News Release

New study reconstructs mega-earthquakes timeline in Indian Ocean

Researchers analyze sediment records to reveal region's tsunami potential

Peer-Reviewed Publication

University of Miami Rosenstiel School of Marine, Atmospheric, and Earth Science

Researchers from UM Rosenstiel School of Marine and Atmospheric Science, Sri Lanka

image: Kelly Jackson and Falk Amelung interviewed local residents of Hambantota, Sri Lanka, about their experiences during Dec. 26, 2004 tsunami. view more 

Credit: UM Rosenstiel School

MIAMI – A new study on the frequency of past giant earthquakes in the Indian Ocean region shows that Sri Lanka, and much of the Indian Ocean, is affected by large tsunamis at highly variable intervals, from a few hundred to more than one thousand years. The findings suggest that the accumulation of stress in the region could generate as large, or even larger tsunamis than the one that resulted from the 2004 magnitude-9.2 Sumatra earthquake.
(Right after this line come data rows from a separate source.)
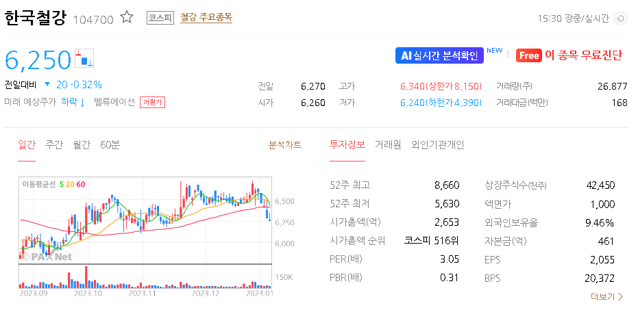 한국철강 가치 분석
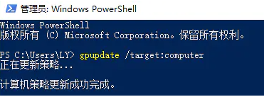 1)、管理员运行cmd输入gpupdate /target:computer,是修改后的策略生效。
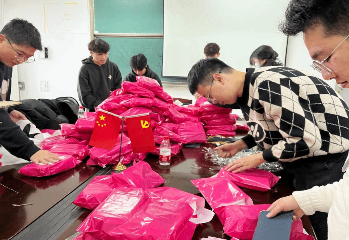 学院于10月份便开始酝酿考虑,想用一种具有纪念意义的形式让新校友感受到母校对刚毕业的他们的牵挂和关心。从新年贺卡设计、制作,学院专属健康包定制,专科毕业照印刷、整理,学院用心筹划着本次活动,学弟学妹们组队包装、贴单,快递小哥仔细扫码入库、发货,将1084份思念跨越百里、千里送到大家手中。
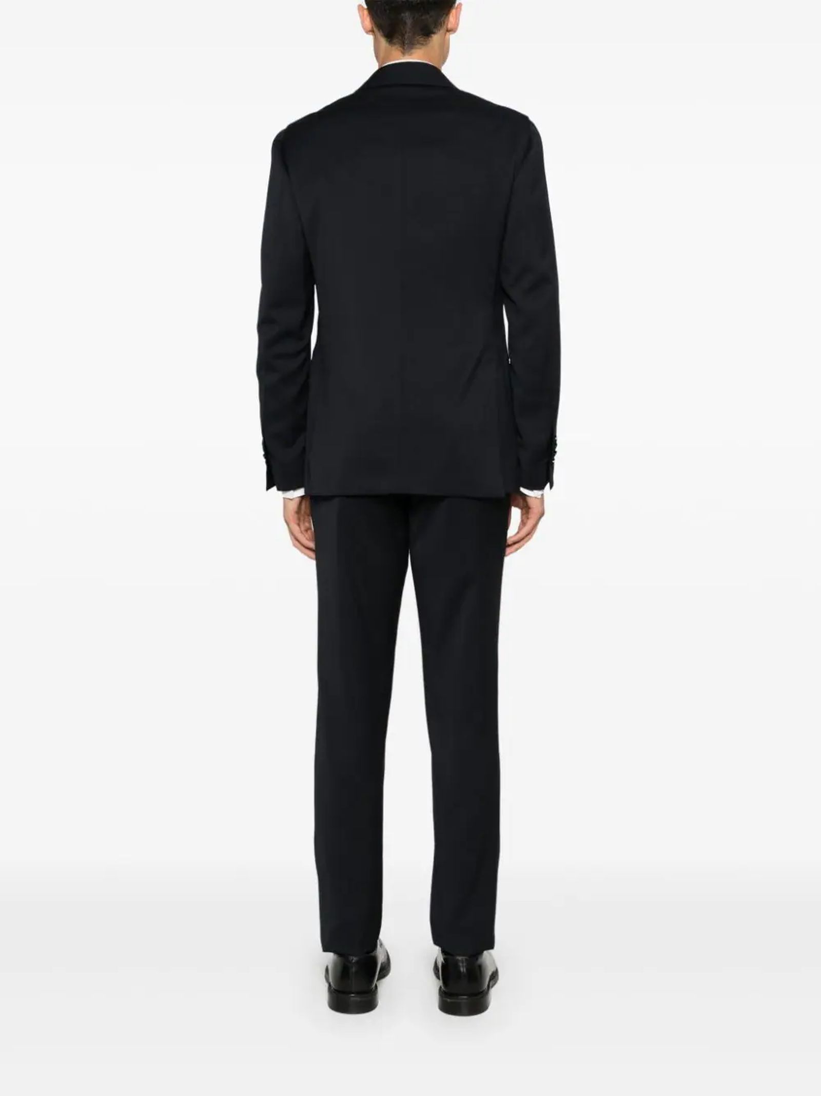 Completo due pezzi in lana vergine blu navy, tessuto in twill, dettagli con pince, dettaglio con spilla, revers classici, chiusura frontale con abbottonatura, maniche lunghe, orli con abbottonatura, tasca a filetto sul petto, tasca frontale con patta, doppio spacco posteriore, fodera parziale, orlo curvo, piega stirata, vita media, chiusura a bottoni frontale nascosta, passanti, due tasche laterali oblique, due tasche a filetto posteriori con bottone, gamba affusolata
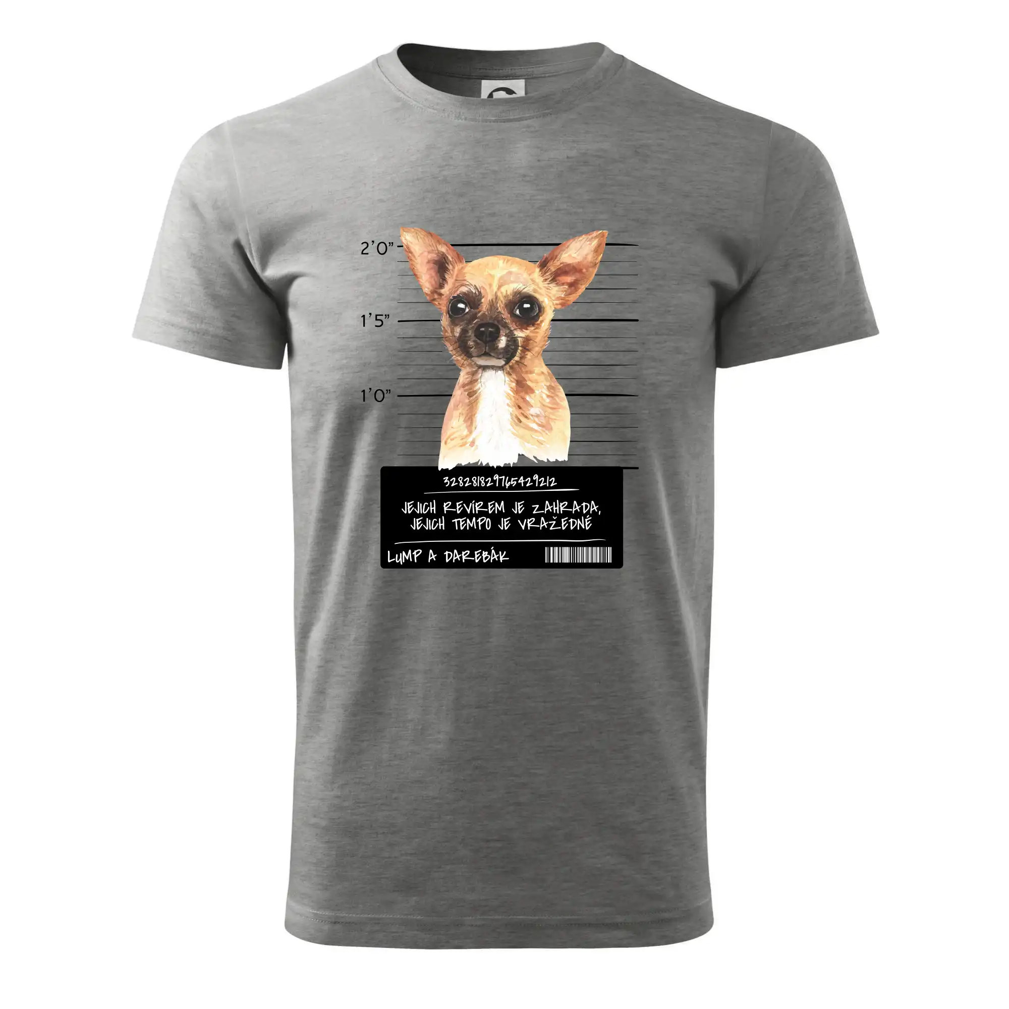 Triko pro pejskaře s nápisem "Jejich revírem je zahrada, jejich tempo je vražedné, lump a darebák". Triko, na kterém je pes čivava, by měl doma mít každý správný pejskař. Triko se psem je vhodný dárek pro pejskaře.

Researchers from the University of Miami (UM) Rosenstiel School of Marine and Atmospheric Science and the University of Peradeniya in Sri Lanka collected and analyzed 22 sediment cores from Karagan Lagoon, Hambantota in southeastern Sri Lanka, to expand the historical record of giant earthquakes along the Sumatra-Andaman subduction zone, where the Indo-Australian plate and Eurasian plate meet. Using sand deposited in the lagoon during the 2004 Indian Ocean tsunami and seven older paleo-tsunami deposits as proxies for large earthquakes in the region, the scientists reconstructed the timeline for mega-earthquakes along the Indian Ocean's plate boundary from Myanmar to Indonesia, assuming that the tsunamis were all generated by large earthquakes.

"In Sri Lanka, coastal lagoons were inundated by this tsunami and others that occurred over thousands of years," said Gregor Eberli, professor of Marine Geosciences and director of UM's CSL – Center for Carbonate Research. "These lagoons are ideal repositories for tsunami sand layers because after deposition, the tsunami sands were sealed with mud."
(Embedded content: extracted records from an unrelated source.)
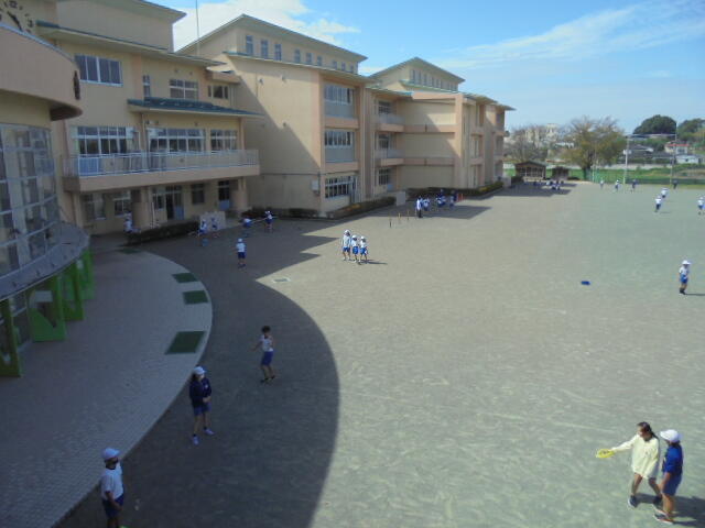 ★爽やかな秋空の下、多くの子供たち(1~3年生は不在)が校庭に出てきて、元気いっぱい楽しそうに遊び回っていました(#^.^#)。
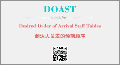 上述内容是“Desired Order of Arrival Staff Tables”作为“DOAST”的缩写,解释为“到达人员表的预期顺序”时的信息,以及英文缩略词DOAST所代表的英文单词,其对应的中文拼音、详细解释以及在英文中的流行度和相关分类、应用领域及应用示例等。
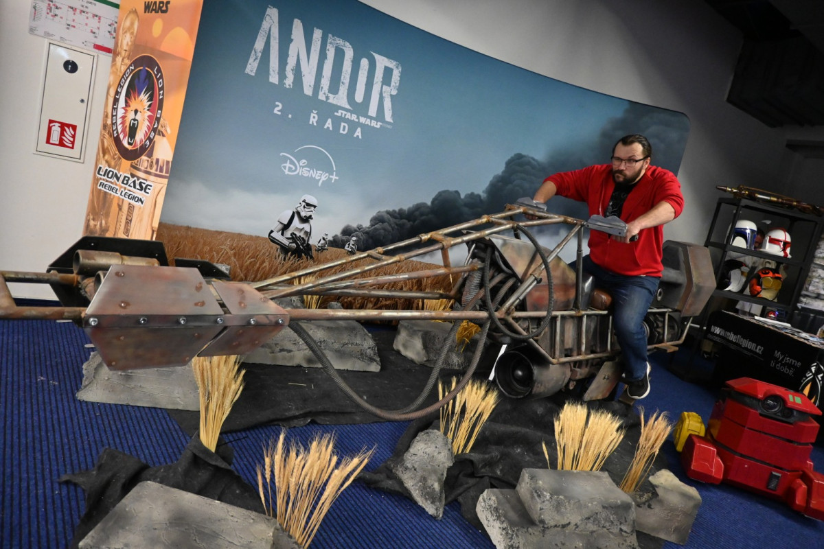 Na akce vozí i jím vyrobený speeder. Tento vznikl pro premiéru druhé řady seriálu Andor.

The Dec. 26, 2004 M-9.2 Sumatra earthquake resulted in a trans-oceanic tsunami, with wave heights up to 100 feet (30 meters) in some places, which impacted much of the Indian Ocean region causing widespread damage in southeastern Sri Lanka.
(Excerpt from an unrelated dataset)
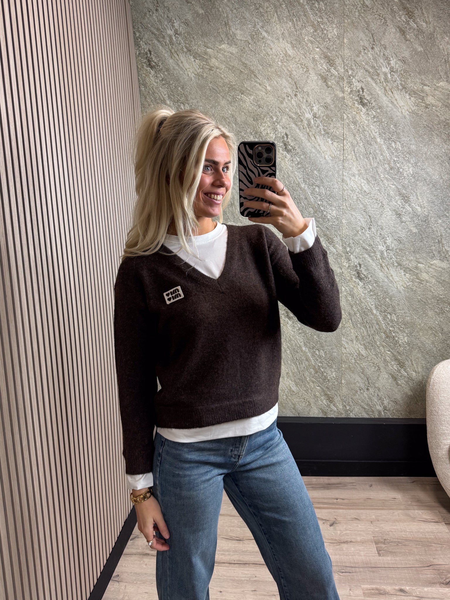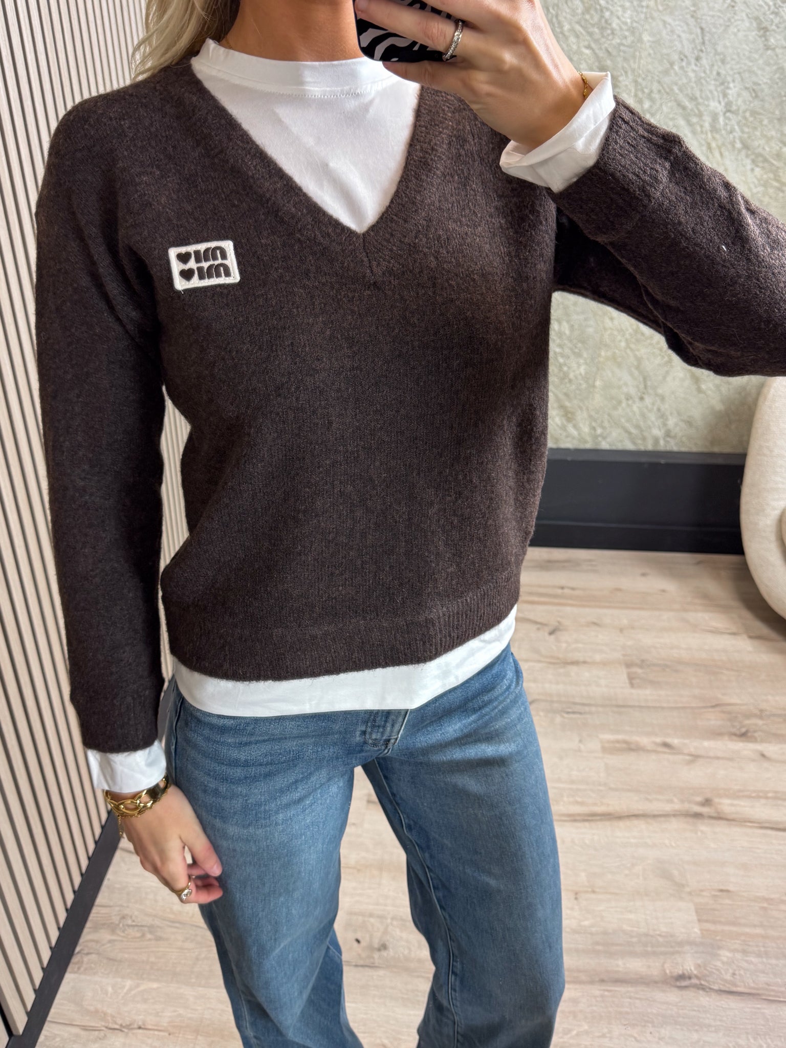 Deze trui is een echte musthave voor dit najaar. De trui heeft een mooie V-hals en onder de trui zit een neppe witte top, wat een mooi effect geeft.

During the a 7,000-year record of Indian Ocean tsunamis preserved in the sediment, the research team found evidence that estimated the time period between consecutive tsunamis from 181 (up to 517) years and 1045 (± 334) years. The longest period was nearly twice the time period prior to the 2004 earthquake.

"These results are very important to better understand the tsunami hazard in Sri Lanka," said Kelly Jackson, UM Rosenstiel School Ph.D. candidate and lead author of the study.

"A scary result is a 1000-year time period without a tsunami, which is nearly twice as long as the lull period prior to the 2004 earthquake," said Falk Amelung, professor of geophysics within the department of Marine Geosciences at the UM Rosenstiel School. "This means that the subduction zone is capable of generating earthquakes almost twice as big as in 2004, although we don't have any evidence yet that this actually happened."

"The 2004 tsunami caught us completely by surprise, although we should have known better because there is a Sri Lankan legend in which the sea came ashore in 200 B.C.," says Chandra Jayasena, a geologist at the University of Peradeniya. "We now need to study other lagoons to further expand the historical record of large tsunami-generating earthquakes in the region and get a better understanding of the earthquake frequency in this highly populated region."

The region's subduction zone exhibits great variability in rupture modes, putting it on the list with the Cascadia Subduction Zone, which stretches from Vancouver Island to northern California and Chile, according to the authors.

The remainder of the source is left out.